Proprio per questo motivo, continua Marino, lo schema Made Green in Italy, gestito dal Ministero dell’Ambiente e della Sicurezza Energetica (MASE), è un’opportunità concreta per le imprese della filiera olivicolo-olearia in quanto rappresenta l’unico schema di certificazione che unisce sostenibilità ambientale e made in Italy, basato sul metodo PEF (Product Environmental Footprint) e pienamente in linea con la nuova normativa sul greenwashing.

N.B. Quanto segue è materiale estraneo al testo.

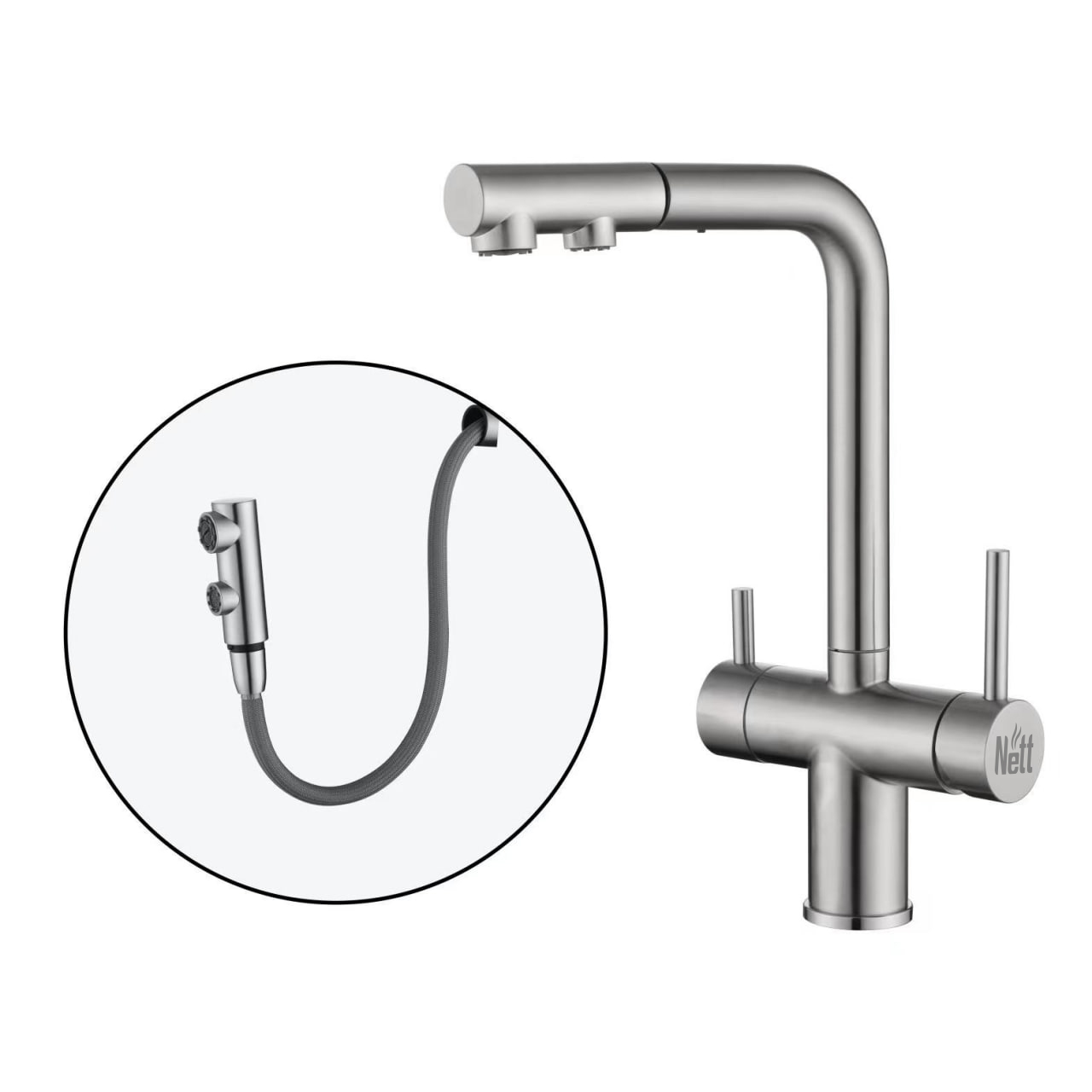 - Многофункциональность крана с встроенным фильтром и выдвижным носиком
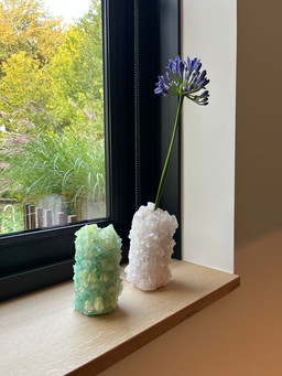 Jarrón de vidrio hecho a mano con diseño de rejilla: objeto de arte

Federolio, in questo contesto, non è un semplice osservatore: nel 2023 ha sviluppato, proprio per lo schema Made Green in Italy, le Regole di Categoria di Prodotto (RCP) per l’olio extravergine di oliva italiano, anticipando un percorso che oggi si rivela decisivo per l’intero comparto. Un lavoro che ha permesso di definire parametri condivisi, misurabili e riconosciuti a livello europeo, offrendo alle imprese uno strumento concreto per comunicare la propria performance ambientale in modo credibile.

 

La tavola rotonda ha visto la partecipazione di rappresentanti del MASE, dell’AGCM, di Accredia, dell’Istituto dell’Autodisciplina Pubblicitaria, del mondo accademico e delle associazioni dei consumatori, e ha rappresentato un momento di confronto di alto livello, ma anche la conferma di un dato: la sostenibilità, quando è misurata e certificata, diventa un vantaggio competitivo.

La partecipazione di Federolio alla tavola rotonda conferma il ruolo centrale della Federazione nel dialogo istituzionale e nella definizione delle politiche di settore. Il percorso avviato per la definizione delle RCP rappresenta oggi un riferimento per l’intero comparto, in un momento in cui la sostenibilità certificata diventa un requisito imprescindibile per competere sui mercati nazionali e internazionali.

Federolio ribadisce il proprio impegno a collaborare con istituzioni, imprese e organismi di certificazione per promuovere un modello di sviluppo fondato su qualità, trasparenza e valorizzazione del Made in Italy.